■ DATA ■
*** Block opens ***

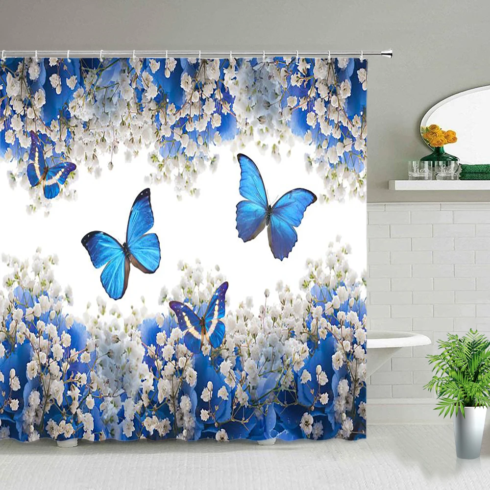 Зеленые растения цветы занавеска для душа s Бабочка Роза забор стен...
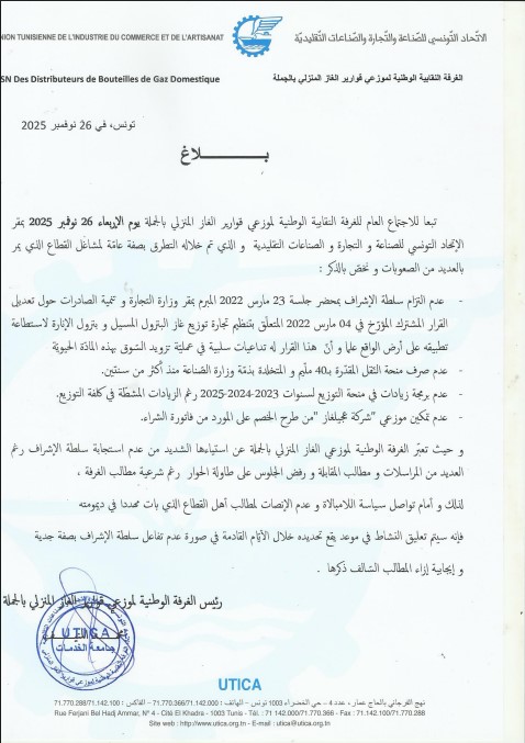 كما أشارت الغرفة إلى عدم صرف منحة النقل المقدرة بـ40 مليماً، والتي ما تزال عالقة لدى وزارة الصناعة منذ أكثر من سنتين، إلى جانب عدم برمجة زيادات في منحة التوزيع لسنوات 2023 و2024 و2025، رغم الارتفاع الكبير في كلفة التوزيع.
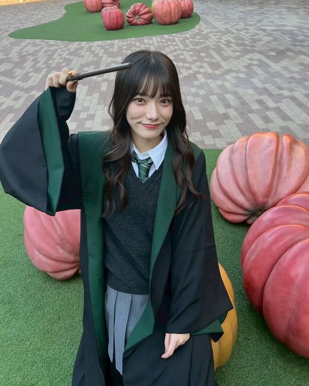 今年她的万圣节造型选择《哈利波特》主题,穿上史莱哲林制服,还特地晒出“马份魔杖”自拍。
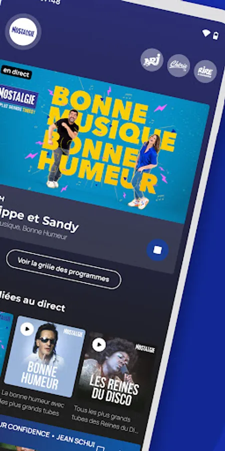 The NRJ group (NRJ, Nostalgie, Chérie FM, Rire & Chansons) now offers the full range of its 4 radio universes in the Nostalgie App!

*** Block closes ***

■ EXERCISE AIM ■
Keep the pictures out of your answer, which should be the lines from the one with "كما أشارت الغرفة" through the final line of the data, copied exactly.

■ SOLUTION FOR THIS EXERCISE ■
 كما أشارت الغرفة إلى عدم صرف منحة النقل المقدرة بـ40 مليماً، والتي ما تزال عالقة لدى وزارة الصناعة منذ أكثر من سنتين، إلى جانب عدم برمجة زيادات في منحة التوزيع لسنوات 2023 و2024 و2025، رغم الارتفاع الكبير في كلفة التوزيع.
 今年她的万圣节造型选择《哈利波特》主题,穿上史莱哲林制服,还特地晒出“马份魔杖”自拍。
 The NRJ group (NRJ, Nostalgie, Chérie FM, Rire & Chansons) now offers the full range of its 4 radio universes in the Nostalgie App!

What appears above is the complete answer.